Word lid van onze kaartschool en leer een paar traditionele spellen spelen
Als de avonden beginnen en het koud is, is dit het ideale moment om een pak kaarten af te stoffen en gezellig samen te zijn voor de avond. Of je nu een haai bent met groene vizieren en whisky’s of meer een kopje thee en een snelle hand rummy bent voordat je naar bed gaat, we hopen dat je het leuk vindt om enkele van onze favoriete spellen te leren.
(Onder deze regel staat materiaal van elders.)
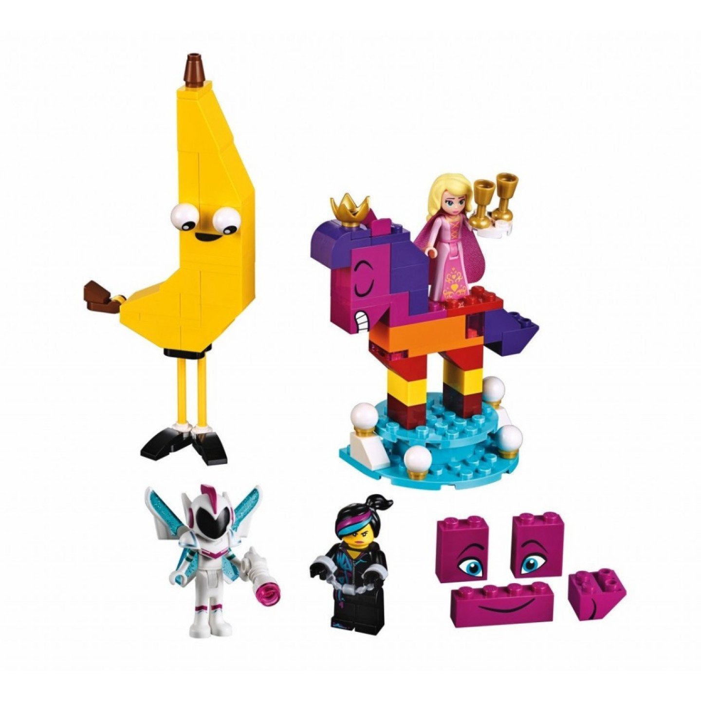 Připoj se s Lucy a setkej se s královnou Libovůlí, která dokáže měnit podobu, v sadě 70824 Představujeme královnu Libovůli, která vznikla na motivy filmu LEGO® PŘÍBĚH 2. Tato zábavná stavebnice obsahuje sestavitelnou královnu Libovůli, která na sebe vzala podobu koně, s otočnou plošinou, a navíc 4 zaměnitelných výrazů ve tváři, které rozhodně přijdou vhod, až z ní opět uděláš hromadu kostek. Tato sada k filmu LEGO PŘÍBĚH 2 obsahuje i sestavitelnou figurku Banarnara, minipanenky Milé Mely a Susan a minifigurku Lucy. Obsahuje 5 postav z filmu LEGO® PŘÍBĚH 2: figurky Banarnara a královny Libovůle, která na sebe vzala podobu koně, a připravované novinky pro leden 2019 – minipanenky Milé Mely a Susan a minifigurku Lucy. Tato zábavná stavebnice obsahuje otočnou plošinu pro královnu Libovůli, která na sebe vzala podobu koně. Udělej opět z královny Libovůle, která dokáže měnit svou podobu, hromadu kostek s 4 zaměnitelnými výrazy ve tváři. Obsahuje zbraň Milé Mely. Mezi doplňky najdeš 2 Susaniny zlaté poháry a podnos a pouta pro minifigurku Lucy z filmu LEGO® PŘÍBĚH 2. Přehrávej si znovu díky této kreativní stavebnici scény z filmu LEGO® PŘÍBĚH 2. Královna Libovůli v podobě koně s otáčecí plošinou měří přes 11 cm na výšku, 9 cm na délku a 6 cm na výšku. Banarnar měří přes 3 cm na výšku.

Black Jack (Britse stijl) *
BASIS: 4-6 spelers; 52 kaarten. Elke speler krijgt zeven kaarten. De overgebleven kaarten worden met de beeldzijde naar beneden als stapel gelegd met de bovenste kaart omgedraaid als starter. De eerste speler legt een kaart op de starter, die in kleur of rang moet overeenkomen, of trekt een kaart uit de voorraad. De speler blijft kaarten achter elkaar leggen totdat ze niet kunnen gaan of ze leggen een actiekaart.
ACTIEKAARTEN:
Twee: de volgende speler pakt twee kaarten , tenzij ze een twee kunnen spelen en de volgende speler er vier kan laten oppakken.
Acht: de volgende speler mist zijn beurt.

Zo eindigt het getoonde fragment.